The signs are everywhere: layoffs, interest rate hikes, and increased consumer uncertainty. Most experts agree that a recession is looming. But whether the recession comes now, next month, or next year really doesn’t matter. That’s because recessions are an inevitable aspect of the economy, and sooner or later, the economy will contract. Any business can succeed when the economy is booming, but the real test of a company is its ability to remain flexible when times are lean and uncertain. Business owners considering their exit plan should carefully weigh the effects of a recession, especially if that exit plan includes M&A.

Recessions: Bad for M&A, With Some Caveats

It should come as no surprise that recessions are bad for M&A. Some of the challenges owners will face include:

  • More scrutiny from buyers, who become more risk-averse during a recession.
  • A tighter credit market that may constrain the number of qualified buyers and the amount they are willing to pay.
  • Decreased demand for their goods and services.
  • Difficulty making future projections.
  • The uncertainty of the recession itself—when will it end and what will be the impact?

Owners should expect that the M&A market during a recession will not be the thriving marketplace it was over the past few yeas. Valuations will be down. Sales may take longer, and due diligence may become significantly more stressful.

The Exception to the Rule

The exception proves the rule, and this is the case with businesses, too. Recessions are challenging, but they also present opportunities. Businesses that can solve the problems consumers face, innovate in the face of adversity, and continue to thrive grow in value, and make a stronger case to sellers. So owners who are on the fence about selling or who have time to wait may want to consider what they can do to use the recession as an opportunity for growth.

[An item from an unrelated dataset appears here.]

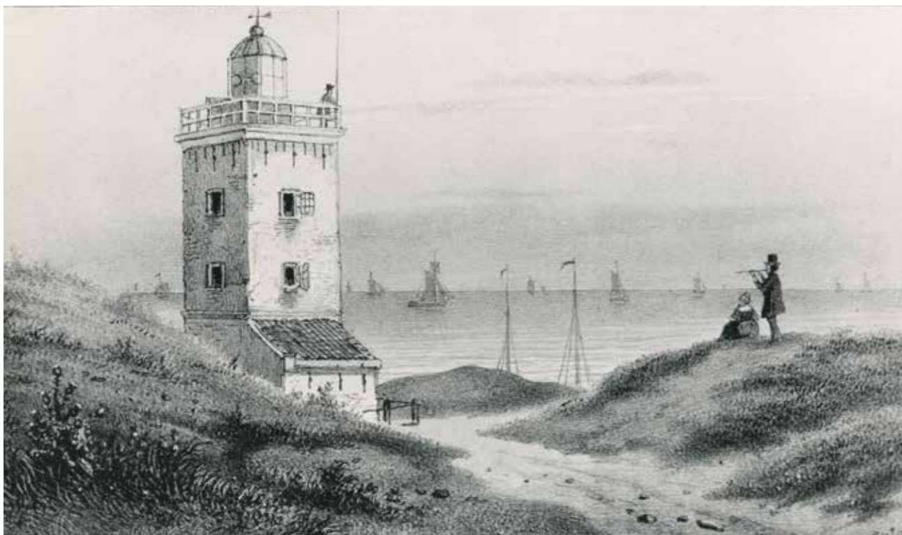
De verhoogde vuurbaak op een litho van H.W. Last uit 1855/1856.

In september 1799 werd op een hoog duin, niet ver van de vuurbaak, een seinpaal of 'semafoor' opgericht. Een semafoor is een constructie waarmee met visuele middelen op afstand signalen doorgegeven kunnen worden. Men spreekt ook wel van een optische telegraaf. Napoleon zag het militaire belang van deze vinding en plaatste overal langs de kust semafoorposten, die met elkaar een optische telegraaflijn vormden. Visuele signalen konden van de ene post naar de andere worden overgebracht en zo in relatief korte tijd over grote afstand worden doorgegeven. Daarmee ontstond een snel waarschuwingssysteem voor

Delaying M&A vs. Moving Forward

For business owners contemplating a sale in the immediate future, the lowest risk time to sell is now. That might seem counterintuitive, but here’s the reason risk multiples over time: If an owner knows they need to sell, and knows a recession is likely, it’s impossible for them to predict the effects of that recession. In the current market, interest rates will likely continue to rise as the economy contracts, reducing the purchasing power of each dollar and potentially shrinking the pool of qualified buyers. Until this trend reverses, risk increases and value declines. Similarly, it is impossible to know when the recession might end. So if an owner’s financial prospects depend on selling, or they are at the precipice of retirement with a strong company, it makes sense to avoid testing the company’s mettle through a recession.

Otherwise, though, owners must consider that a recession is time to regroup, clean house, get the books under control, and prepare for sunnier times. Weathering the storm will make a strong case for M&A in the future.